With a five-minute time limit, $1,500 on the line and four judges ready to ask tough questions, junior Tai Hensley and her team entered the Deac Tank to pitch their proposal for using art to connect people across campus.
“The Big Tent project aims at giving groups the chance to represent themselves in hope of inspiring an inclusive campus climate,” Hensley said as she described the plan to set up a tent on campus and host an event to showcase painting, poetry and other artistic expressions of identity.
Taking its cue from a popular television show focused on entrepreneurs seeking capital funding, a campus-wide competition gave student teams the chance to seek funding for the best ideas to foster a diverse and inclusive learning environment at Wake Forest.

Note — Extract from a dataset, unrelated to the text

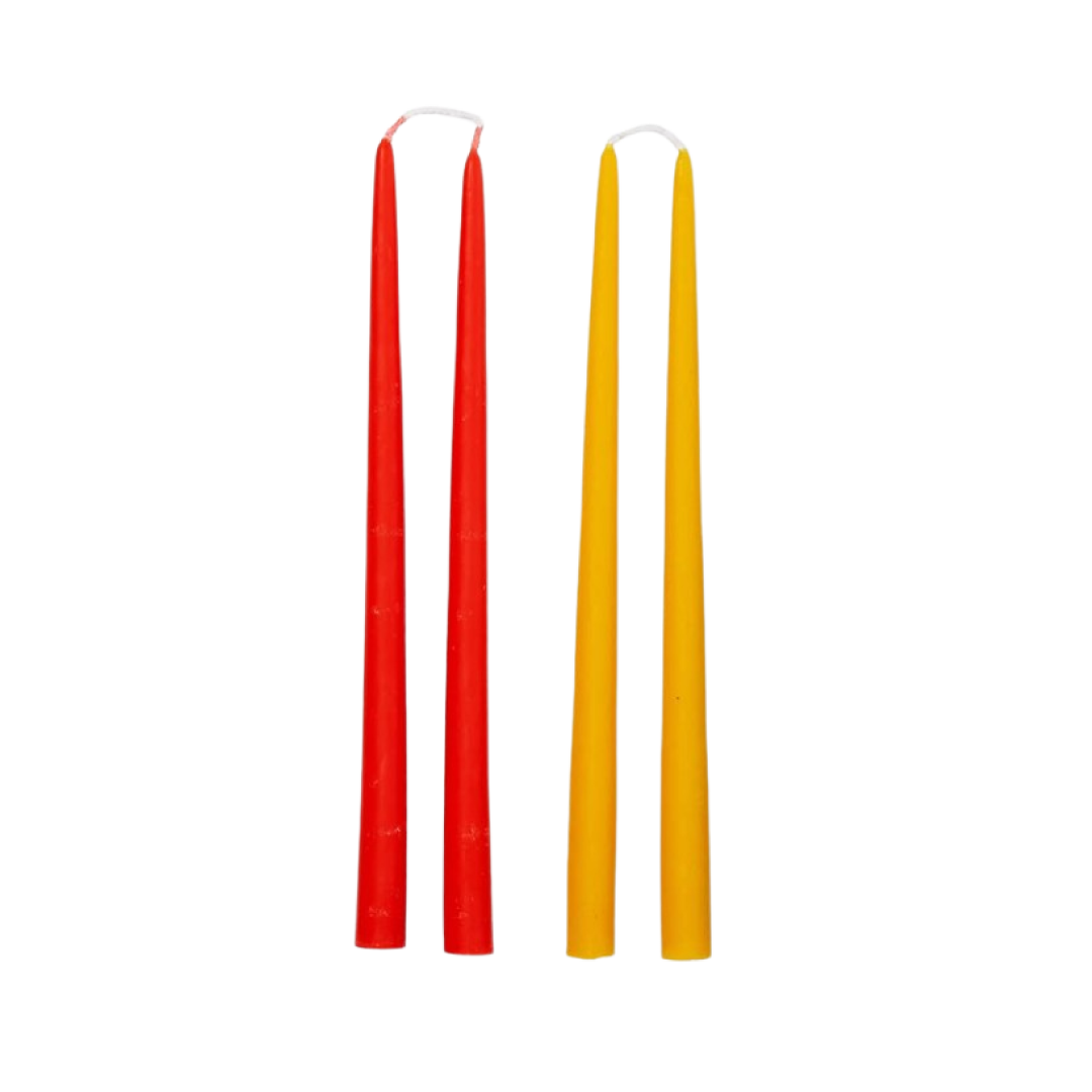 These beeswax tapers are hand-dipped and infused with just a smidge of honey, creating a delightful scent and adding a pop of color to your home. They're sure to create a buzz and bring a touch of sweetness to your space. Material: Beeswax and a hint of honey Dimensions: 0.8 x 0.8 x 11.5 Remember to never leave a burning candle unsupervised. Enjoy approximately 8.5 hours of burn time.

Four more teams stepped into the spotlight to make the case for their ideas. To reach this point, the teams had created 90-second videos pitching their ideas, survived questioning by a first-round panel of judges, and honed their final presentations to Wake Forest administrators. They were prepared with PowerPoint slides, project details, strategies for implementation and proposed budgets. Judges pressed for details about how each proposal would work and asked questions about sustainability, outreach and impact.
Sophomores Bradley Singleton and Sydni Williams shared their proposal to produce a series of YouTube videos showcasing students from all backgrounds. “We want that grassroots feel, that man-on-the-street perspective,” Singleton said. Their sample video included an interview with student rapper Dean Chatham.
A five-member team presented a plan for an on-campus space where individuals and groups could gather for conversation and engagement around social justice issues. Other teams shared their ideas for capturing first-person stories of diverse people within the Wake Forest community and connecting people across campus with a new shuttle service.
“The Big Tent: Transforming Race Project” and “The DeaConnection ft Pinky and the Brad” were selected for funding.
Each team was awarded $1,500 to implement their proposals this semester. The judges also offered faculty and administrative mentoring and support for the remaining teams to explore ways their proposals could potentially be put into action.
Proposals were judged on innovation, strategy for implementation, connection to the University’s Pro Humanitate motto, and broad campus impact across identity and group affiliation.
“We know that you did a lot of work to get to this point… all of your proposals were enticing,” said Penny Rue, vice president for campus life and one of the judges. “We’d like to see all of these proposals pursued.”
The other judges were Barbee Oakes, assistant provost for diversity; Lynn Sutton, vice provost and Jose Villalba, associate dean for faculty recruitment, diversity and inclusion.
Melissa Harris-Perry, director of the Pro Humanitate Institute and professor of politics and international affairs, was the emcee for the event. The competition was organized through Wake Forest’s Anna Julia Cooper Center in coordination with the Office of Diversity and Inclusion and the Pro Humanitate Institute. Funding for the winners was provided by the Office of the Provost.